* Exercise prompt: Up to and including the line that holds "Кустарник, который сбрасывает", copy every line of the records below exactly, starting at the first; leave pictures out.

* Source data:
--- START ---

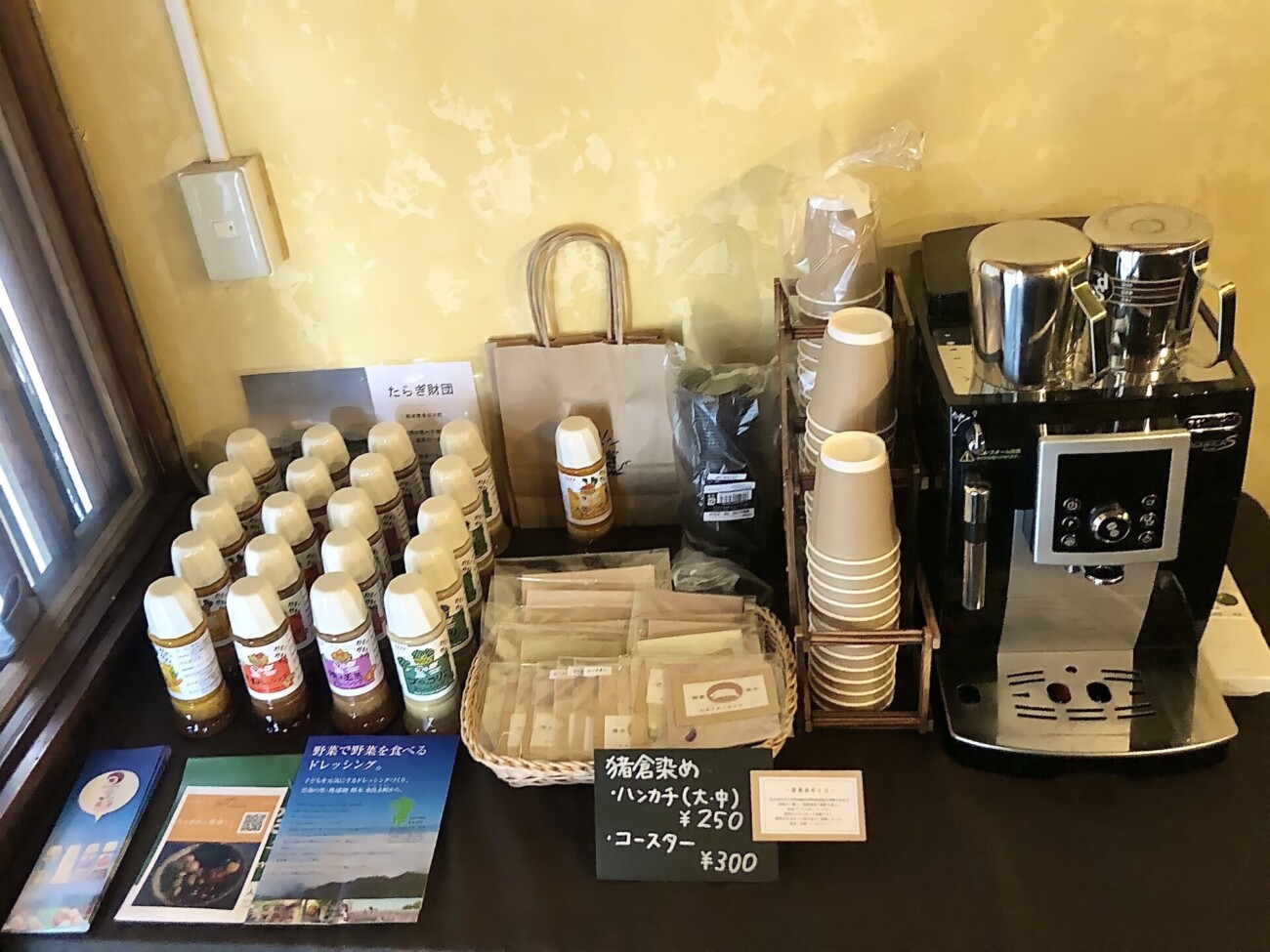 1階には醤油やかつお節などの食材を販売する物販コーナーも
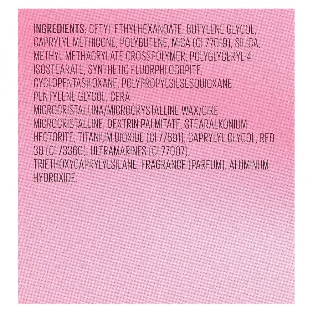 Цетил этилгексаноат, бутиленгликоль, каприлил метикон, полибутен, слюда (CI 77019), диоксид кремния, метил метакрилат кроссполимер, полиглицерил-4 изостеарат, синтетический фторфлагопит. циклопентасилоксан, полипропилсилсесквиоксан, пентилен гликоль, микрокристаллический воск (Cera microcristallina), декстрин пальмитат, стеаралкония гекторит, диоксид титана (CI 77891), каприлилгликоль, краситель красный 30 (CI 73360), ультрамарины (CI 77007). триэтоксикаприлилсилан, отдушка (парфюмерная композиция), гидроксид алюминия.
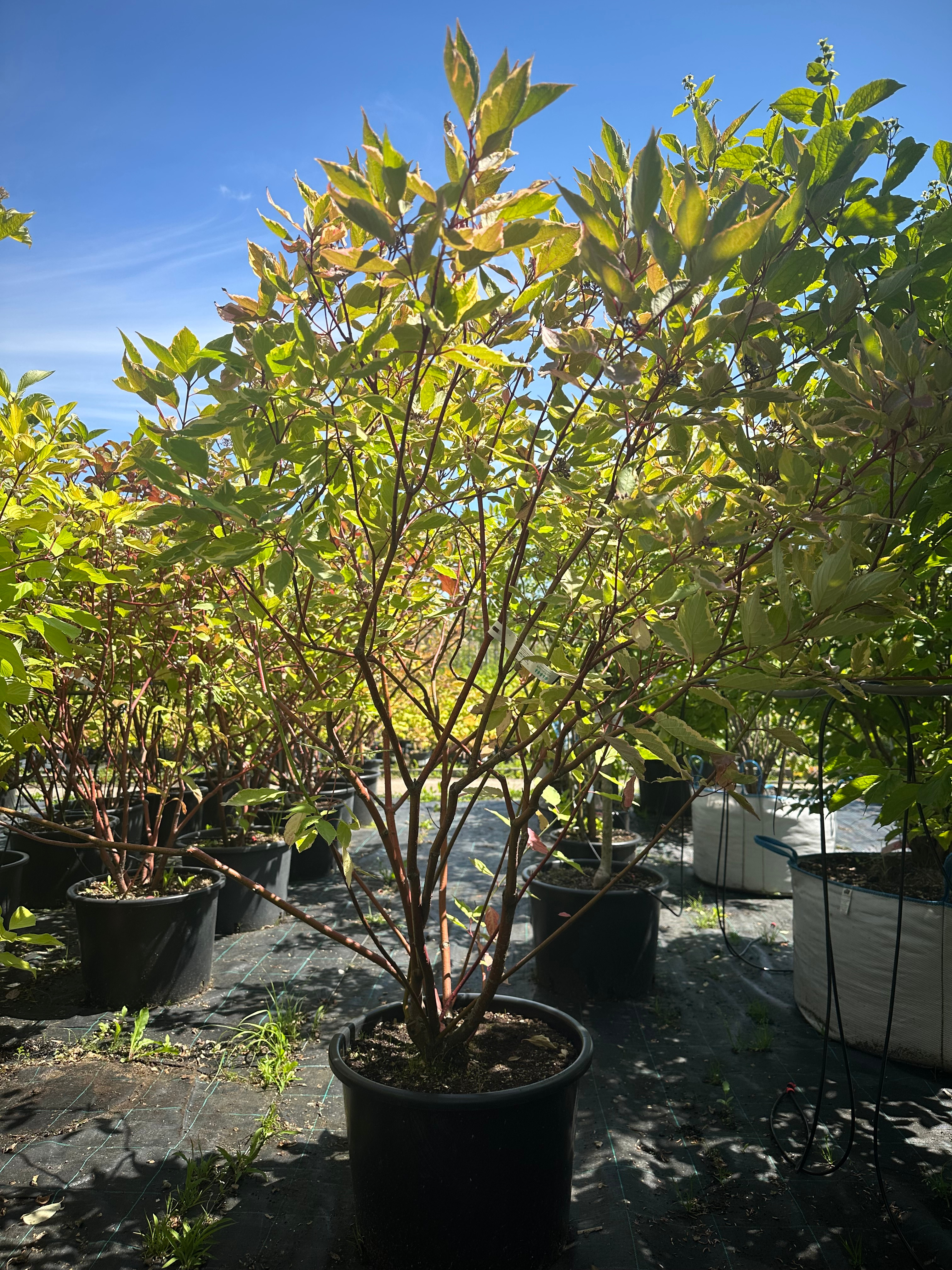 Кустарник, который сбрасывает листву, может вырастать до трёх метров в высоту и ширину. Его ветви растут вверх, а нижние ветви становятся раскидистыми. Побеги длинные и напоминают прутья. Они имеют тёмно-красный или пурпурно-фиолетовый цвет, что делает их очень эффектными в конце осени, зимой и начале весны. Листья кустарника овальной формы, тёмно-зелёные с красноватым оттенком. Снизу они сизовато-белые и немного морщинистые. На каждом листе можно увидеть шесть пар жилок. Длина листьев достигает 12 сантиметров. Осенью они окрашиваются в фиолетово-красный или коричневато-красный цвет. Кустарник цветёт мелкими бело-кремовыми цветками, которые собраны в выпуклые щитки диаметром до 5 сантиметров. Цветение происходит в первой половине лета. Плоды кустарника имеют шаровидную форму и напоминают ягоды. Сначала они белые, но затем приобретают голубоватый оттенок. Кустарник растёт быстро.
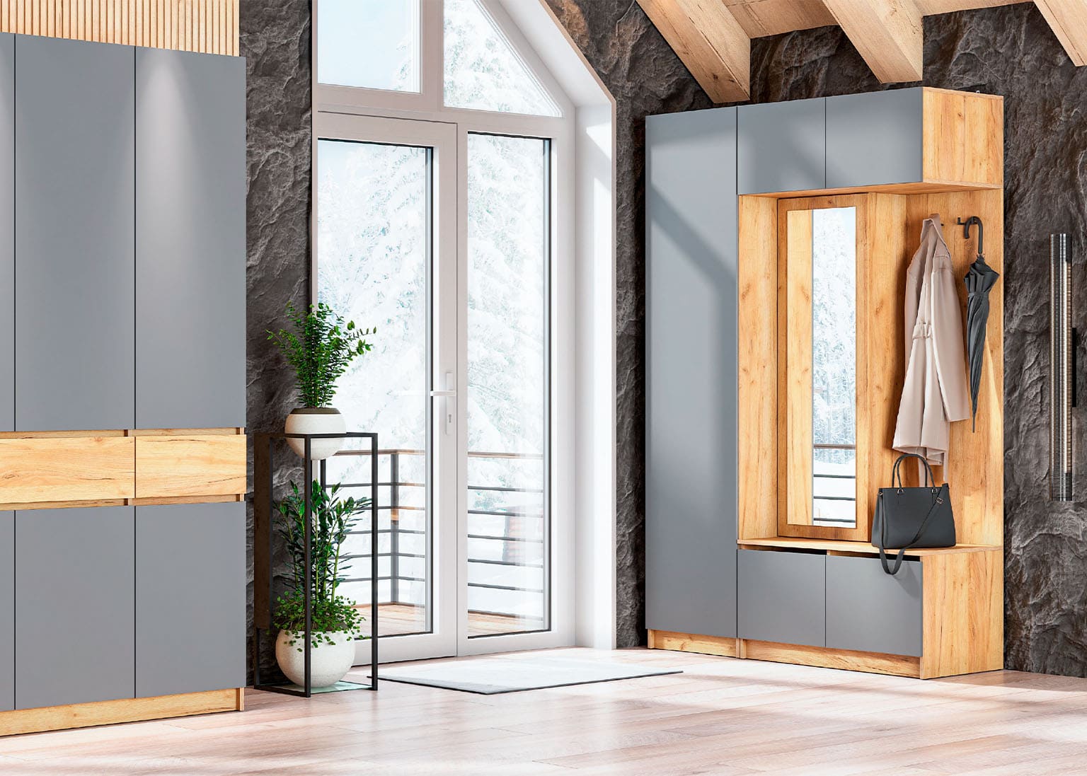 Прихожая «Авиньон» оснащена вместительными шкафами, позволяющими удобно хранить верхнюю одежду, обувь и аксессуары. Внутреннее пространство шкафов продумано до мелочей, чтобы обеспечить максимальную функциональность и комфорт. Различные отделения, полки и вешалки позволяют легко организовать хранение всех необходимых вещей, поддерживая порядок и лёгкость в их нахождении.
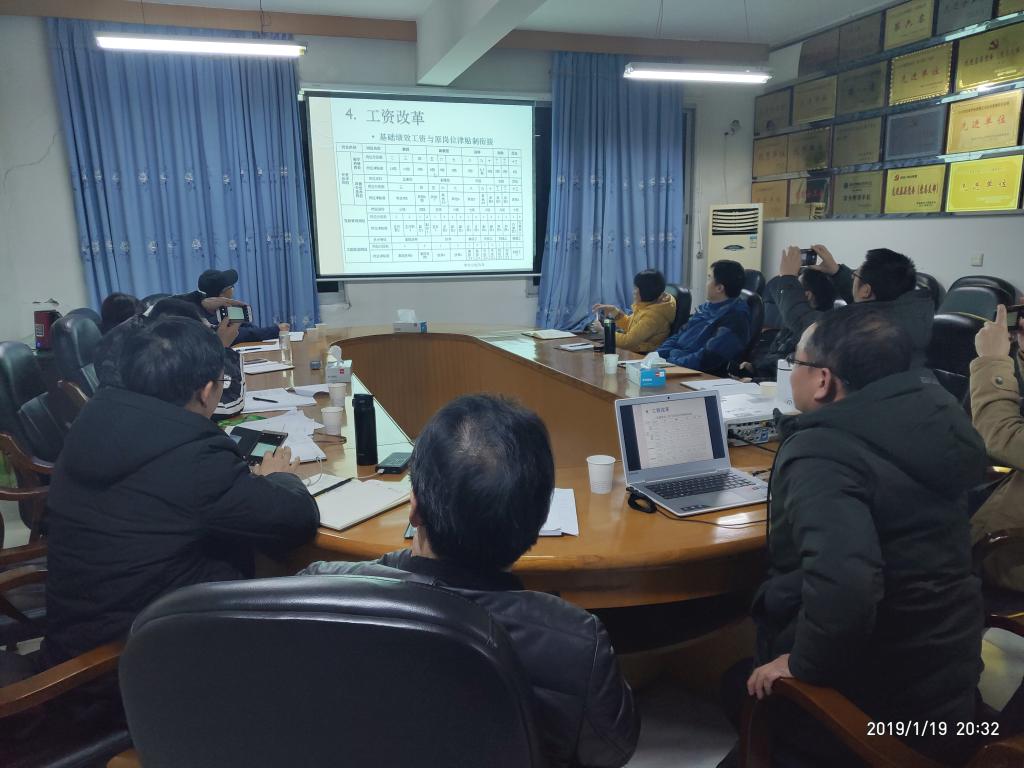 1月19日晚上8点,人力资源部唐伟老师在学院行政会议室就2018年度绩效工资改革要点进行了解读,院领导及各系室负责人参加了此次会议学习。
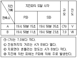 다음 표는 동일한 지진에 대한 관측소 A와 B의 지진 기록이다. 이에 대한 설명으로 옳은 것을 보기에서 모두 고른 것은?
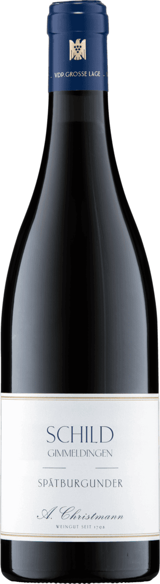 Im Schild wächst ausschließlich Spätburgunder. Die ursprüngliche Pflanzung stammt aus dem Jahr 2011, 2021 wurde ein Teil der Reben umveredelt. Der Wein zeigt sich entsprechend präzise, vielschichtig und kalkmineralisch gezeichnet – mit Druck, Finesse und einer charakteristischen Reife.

--- END ---

* Response to the task:
 1階には醤油やかつお節などの食材を販売する物販コーナーも
 Цетил этилгексаноат, бутиленгликоль, каприлил метикон, полибутен, слюда (CI 77019), диоксид кремния, метил метакрилат кроссполимер, полиглицерил-4 изостеарат, синтетический фторфлагопит. циклопентасилоксан, полипропилсилсесквиоксан, пентилен гликоль, микрокристаллический воск (Cera microcristallina), декстрин пальмитат, стеаралкония гекторит, диоксид титана (CI 77891), каприлилгликоль, краситель красный 30 (CI 73360), ультрамарины (CI 77007). триэтоксикаприлилсилан, отдушка (парфюмерная композиция), гидроксид алюминия.
 Кустарник, который сбрасывает листву, может вырастать до трёх метров в высоту и ширину. Его ветви растут вверх, а нижние ветви становятся раскидистыми. Побеги длинные и напоминают прутья. Они имеют тёмно-красный или пурпурно-фиолетовый цвет, что делает их очень эффектными в конце осени, зимой и начале весны. Листья кустарника овальной формы, тёмно-зелёные с красноватым оттенком. Снизу они сизовато-белые и немного морщинистые. На каждом листе можно увидеть шесть пар жилок. Длина листьев достигает 12 сантиметров. Осенью они окрашиваются в фиолетово-красный или коричневато-красный цвет. Кустарник цветёт мелкими бело-кремовыми цветками, которые собраны в выпуклые щитки диаметром до 5 сантиметров. Цветение происходит в первой половине лета. Плоды кустарника имеют шаровидную форму и напоминают ягоды. Сначала они белые, но затем приобретают голубоватый оттенок. Кустарник растёт быстро.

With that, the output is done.